Eroding Grains Step by Step
Avalanches of rocks and sand can erode a hillside just as water can, but researchers have not agreed on the mechanism of such erosion. Now experiments with glass beads suggest that the process is more fluid-like than solid-like. Researchers sent dry beads flowing over an inclined bed of wet (cohesive) beads. For high flow speeds, the stream of beads carved out a series of steps, which is a common fluid phenomenon. The results could be used to improve models that predict the risk from rockslides and similar events.
Erosion is primarily due to the flow of water, but in certain cases, granular flows can carve out 100 times more material than fluid flows . A dramatic example of this is a debris flow, in which heavy rains or volcanic activity can unleash an avalanche of small rocks and other rubble. To understand these geologic events, previous lab-based experiments have typically involved pouring grains down an incline covered with a dry (loose) bed of grains. Some of these studies suggested that flowing grains act like a solid sliding block that scours the underlying bed through friction. By contrast, other researchers modeled the grains as a fluid that drives into the bed and erodes it through direct impacts, a so-called inertial effect. “It was not clear which parameters govern the erosion rate in the case of a granular flow. Is it the friction coefficient or the inertia of the flow?” says Pierre Jop from the French National Center for Scientific Research (CNRS) and the building materials company Saint-Gobain in Paris.
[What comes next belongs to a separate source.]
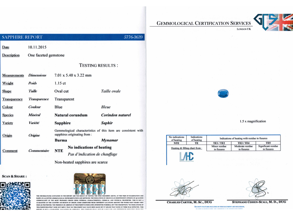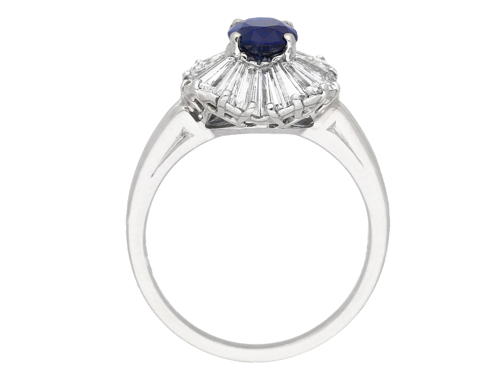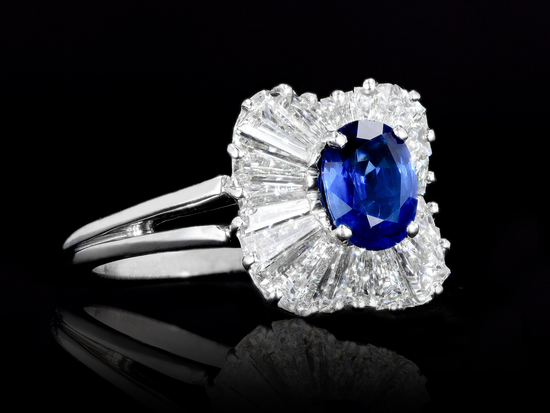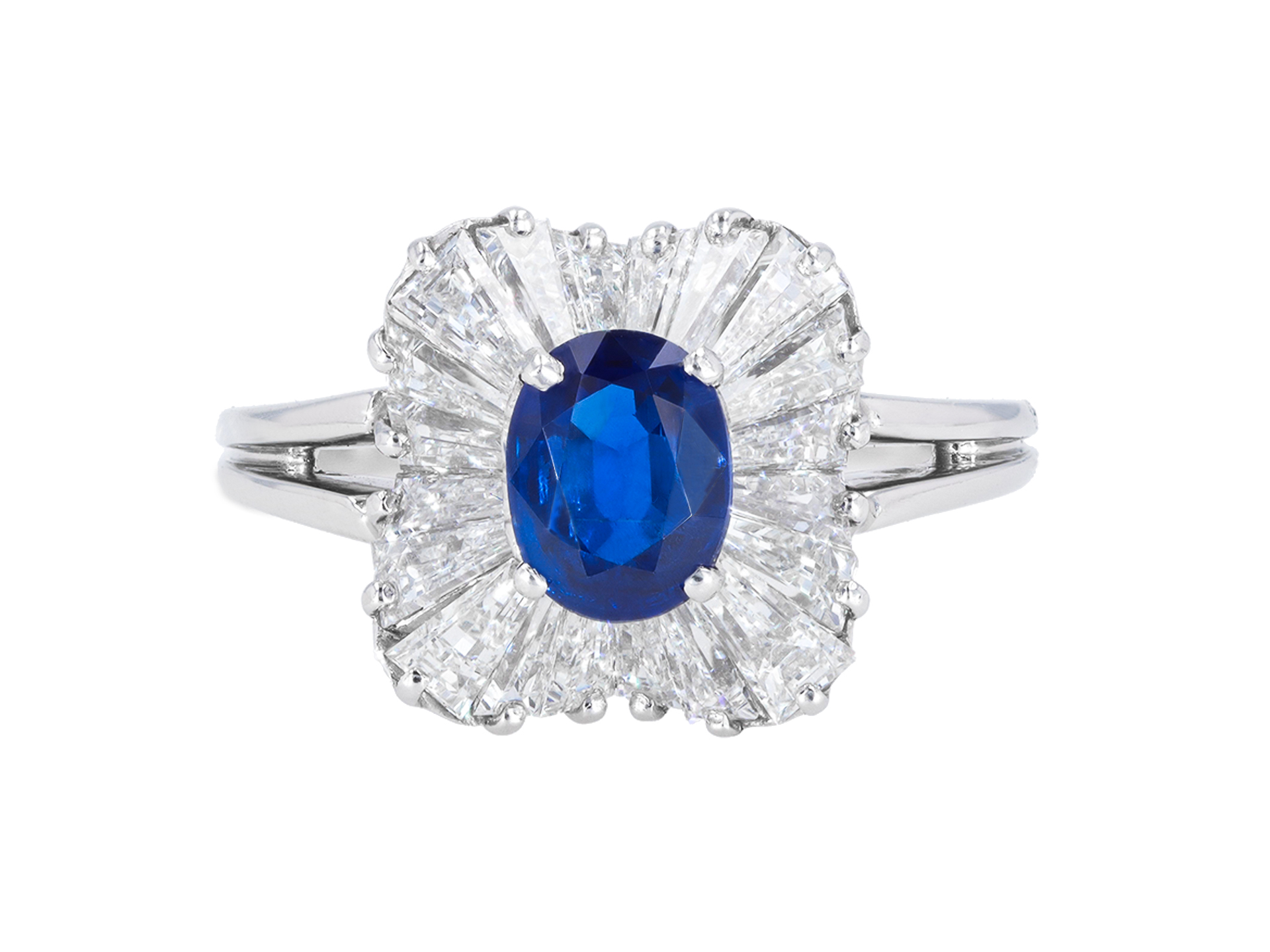 Oscar Heyman Brothers Burmese sapphire and diamond ballerina ring. Centrally set with an oval old cut natural unenhanced Burmese sapphire in an open back claw setting with a weight of 1.15 carats, encircled by an undulating row of twenty tapered baguette cut diamonds in open back claw settings with a combined approximate weight of 1.80 carats, to a ballerina cluster design, featuring curving claws, an intricately pierced gallery and fancy open backholing, flanked by raised split shoulders and flowing down to a solid D-shape tapering shank. Marked platinum and iridium, maker's mark for Oscar Heyman Brothers, numbered '19636', American, circa 1970, accompanied by Gemmological Certification Services (GCS) report #5776-3639.

One way to explore granular erosion is to alter the cohesiveness of the erodible bed. In recent work, Jop and his colleagues studied granular erosion in a rotating drum, in which some of the grains were made to stick together by adding different liquids, such as water or oil . The results showed that impacts played an important role in breaking the cohesive bonds.
To explore this further in a more geologically relevant setup, the team has performed experiments with dry grains flowing over a bed of wet grains. The team used glass beads with diameters in the range 200–400 micrometers for both the bed and the flowing grains. The bed beads were mixed with a small amount of water (1% by weight) and pressed into a 30-centimeter-long channel that was tilted at a steep initial angle (between 25 and 45 degrees). The team continuously poured dry beads down the slope and recorded video of the profile of the bed over the course of several hours. The flow eroded the bed until its slope reached a specific angle, the same angle that characterizes granular flow over a dry bed.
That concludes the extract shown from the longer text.